> **PROMPT**: Type the records that follow again exactly as written, but drop the pictures.

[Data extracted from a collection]
Start of Block
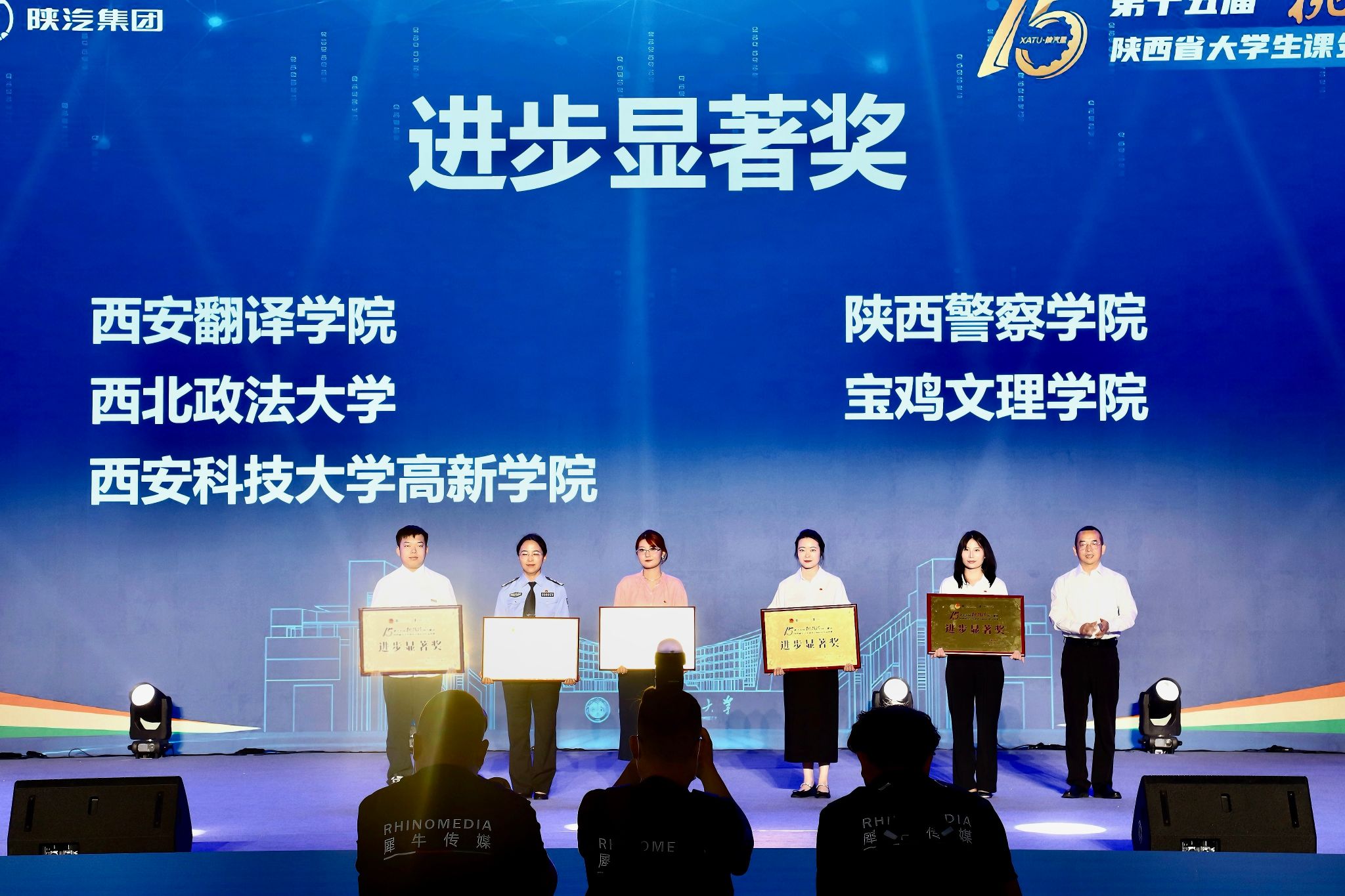 团委姚天乐老师(左一)代表我校上台领取“进步显著奖”奖牌
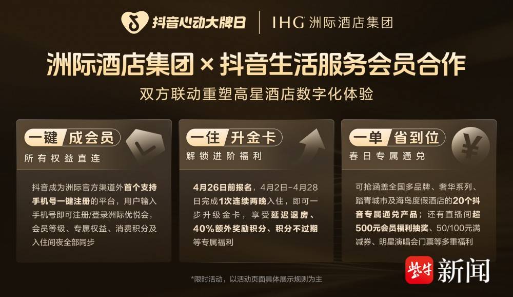 洲际是全球领先的国际酒店管理集团,稳居抖音生活服务酒店板块头部商家地位。此次合作不仅共创春季营销盛宴,更探索出高星酒店会员拉新、激活、留存的数字化新范式。抖音生活服务凭借技术实力、流量生态与全域经营能力,从单一流量渠道升级为全链路会员运营平台,有效解决行业 “拉新难、运营散、体验断” 痛点。
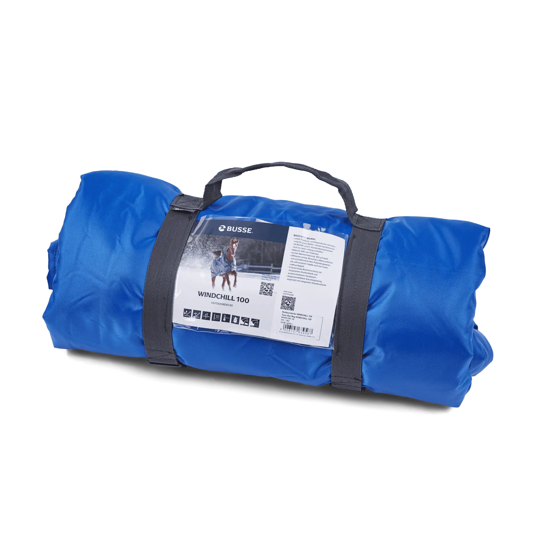 Die BUSSE Outdoordecke WINDCHILL 100 ist ideal für Pferdebesitzer, die eine robuste, wetterfeste und zugleich komfortable Decke suchen, die einfach an unterschiedliche Bedingungen angepasst werden kann und das ganze Jahr über eingesetzt werden kann.
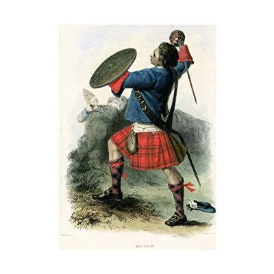 Wee Blue Coo Painting Portrait Highland Clan Scotland Tartan Macbain Wall Art Print
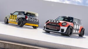 MINI представила пару автомобилей концептов MINI x Deus Ex Machina, которые объединяют миры автомобилей и моды, и будут представлены на выставке IAA в Мюнхене в этом году. Они основаны на горячих дорожных автомобилях John Cooper Works один электрический, а другой бензиновый и оба являются сотрудничеством между MINI и модным брендом Deus Ex Machina.
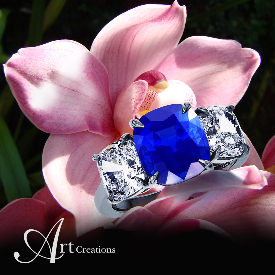 Set with a cushion-shaped sapphire, weighing 4.55 carats, flanked by cushion-shaped diamonds, weighing 3.05 carats total, mounted in platinum.
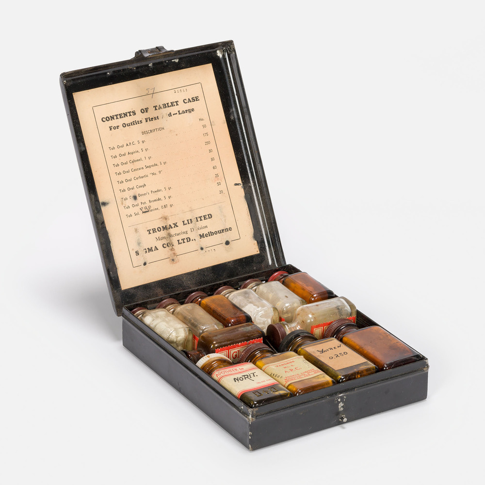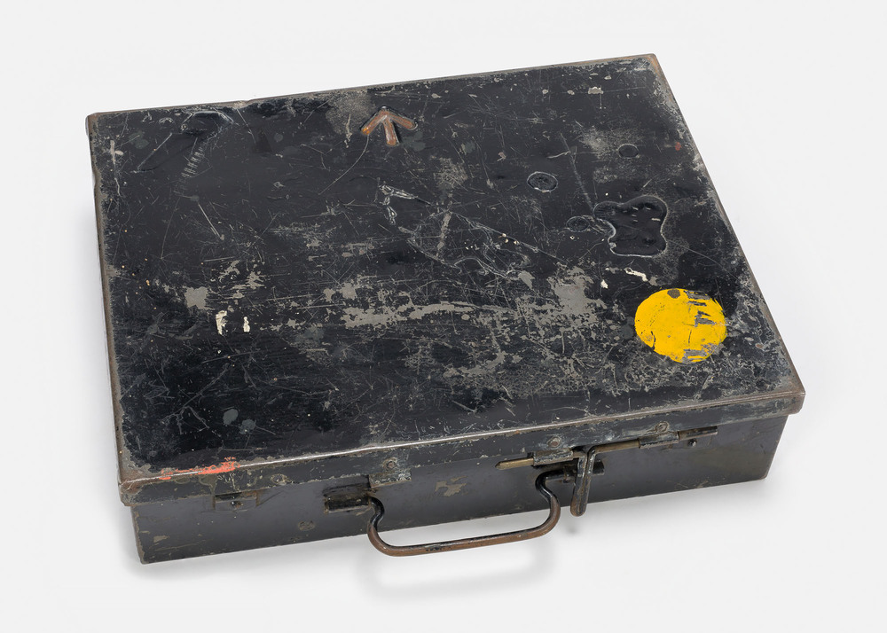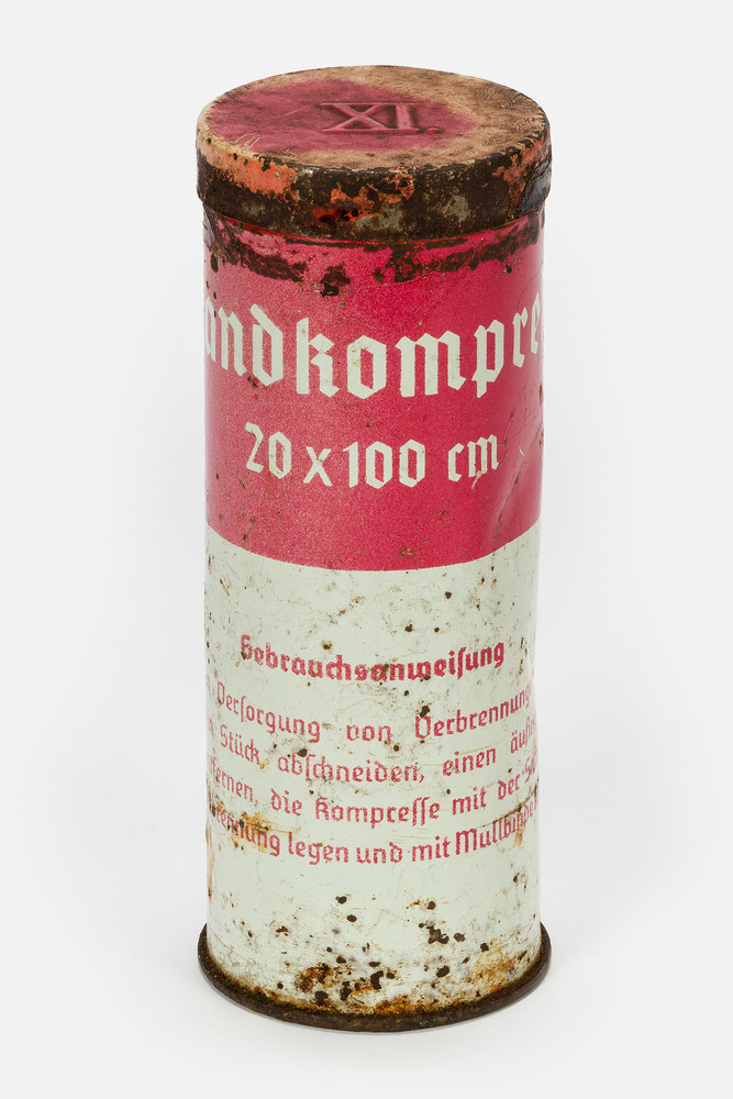 Brits model zwarte verbandtrommel van metaal, onderd...
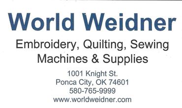 In addition, World Weidner will also be a vendor at the show. They are proud to distribute Brother, Janome, Melco, Eversewn and Bernette Embroidery, Sewing, and Quilting Machines and Supplies as well as Siser Heat Transfer Vinyls and Craft Vinyls in Northern Oklahoma and Southern Kansas. They also sell a full line of Threads, Bobbins, Stabilizers, Needles, Designs, Software, Cabinets, Notions,
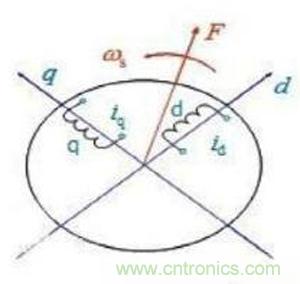 當(dāng)圖1和2的兩個(gè)旋轉(zhuǎn)磁動(dòng)勢大小和轉(zhuǎn)速都相等時(shí),即認(rèn)為圖2的兩相繞組與圖1的三相繞組等效。圖3兩個(gè)匝數(shù)相等且互相垂直的繞組d 和q,其中分別通以直流電流id和iq,產(chǎn)生合成磁動(dòng)勢F,其位置相對(duì)于繞組來說是固定的。如果讓包含兩個(gè)繞組在內(nèi)的整個(gè)鐵心以同步 轉(zhuǎn)速旋轉(zhuǎn),則磁動(dòng)勢F自然也隨之旋轉(zhuǎn)起來,成為旋轉(zhuǎn)磁動(dòng)勢。把這個(gè)旋轉(zhuǎn)磁動(dòng)勢的大小和轉(zhuǎn)速也控制成與圖1 和圖2中的磁動(dòng)勢一樣,那么這套旋轉(zhuǎn)的直流繞組也就和前面兩套固定的交流繞組都等效了。
End of Block
> **FINISHED TASK**:
 团委姚天乐老师(左一)代表我校上台领取“进步显著奖”奖牌
 洲际是全球领先的国际酒店管理集团,稳居抖音生活服务酒店板块头部商家地位。此次合作不仅共创春季营销盛宴,更探索出高星酒店会员拉新、激活、留存的数字化新范式。抖音生活服务凭借技术实力、流量生态与全域经营能力,从单一流量渠道升级为全链路会员运营平台,有效解决行业 “拉新难、运营散、体验断” 痛点。
 Die BUSSE Outdoordecke WINDCHILL 100 ist ideal für Pferdebesitzer, die eine robuste, wetterfeste und zugleich komfortable Decke suchen, die einfach an unterschiedliche Bedingungen angepasst werden kann und das ganze Jahr über eingesetzt werden kann.
 Wee Blue Coo Painting Portrait Highland Clan Scotland Tartan Macbain Wall Art Print
 MINI представила пару автомобилей концептов MINI x Deus Ex Machina, которые объединяют миры автомобилей и моды, и будут представлены на выставке IAA в Мюнхене в этом году. Они основаны на горячих дорожных автомобилях John Cooper Works один электрический, а другой бензиновый и оба являются сотрудничеством между MINI и модным брендом Deus Ex Machina.
 Set with a cushion-shaped sapphire, weighing 4.55 carats, flanked by cushion-shaped diamonds, weighing 3.05 carats total, mounted in platinum.
 Brits model zwarte verbandtrommel van metaal, onderd...
 In addition, World Weidner will also be a vendor at the show. They are proud to distribute Brother, Janome, Melco, Eversewn and Bernette Embroidery, Sewing, and Quilting Machines and Supplies as well as Siser Heat Transfer Vinyls and Craft Vinyls in Northern Oklahoma and Southern Kansas. They also sell a full line of Threads, Bobbins, Stabilizers, Needles, Designs, Software, Cabinets, Notions,
 當(dāng)圖1和2的兩個(gè)旋轉(zhuǎn)磁動(dòng)勢大小和轉(zhuǎn)速都相等時(shí),即認(rèn)為圖2的兩相繞組與圖1的三相繞組等效。圖3兩個(gè)匝數(shù)相等且互相垂直的繞組d 和q,其中分別通以直流電流id和iq,產(chǎn)生合成磁動(dòng)勢F,其位置相對(duì)于繞組來說是固定的。如果讓包含兩個(gè)繞組在內(nèi)的整個(gè)鐵心以同步 轉(zhuǎn)速旋轉(zhuǎn),則磁動(dòng)勢F自然也隨之旋轉(zhuǎn)起來,成為旋轉(zhuǎn)磁動(dòng)勢。把這個(gè)旋轉(zhuǎn)磁動(dòng)勢的大小和轉(zhuǎn)速也控制成與圖1 和圖2中的磁動(dòng)勢一樣,那么這套旋轉(zhuǎn)的直流繞組也就和前面兩套固定的交流繞組都等效了。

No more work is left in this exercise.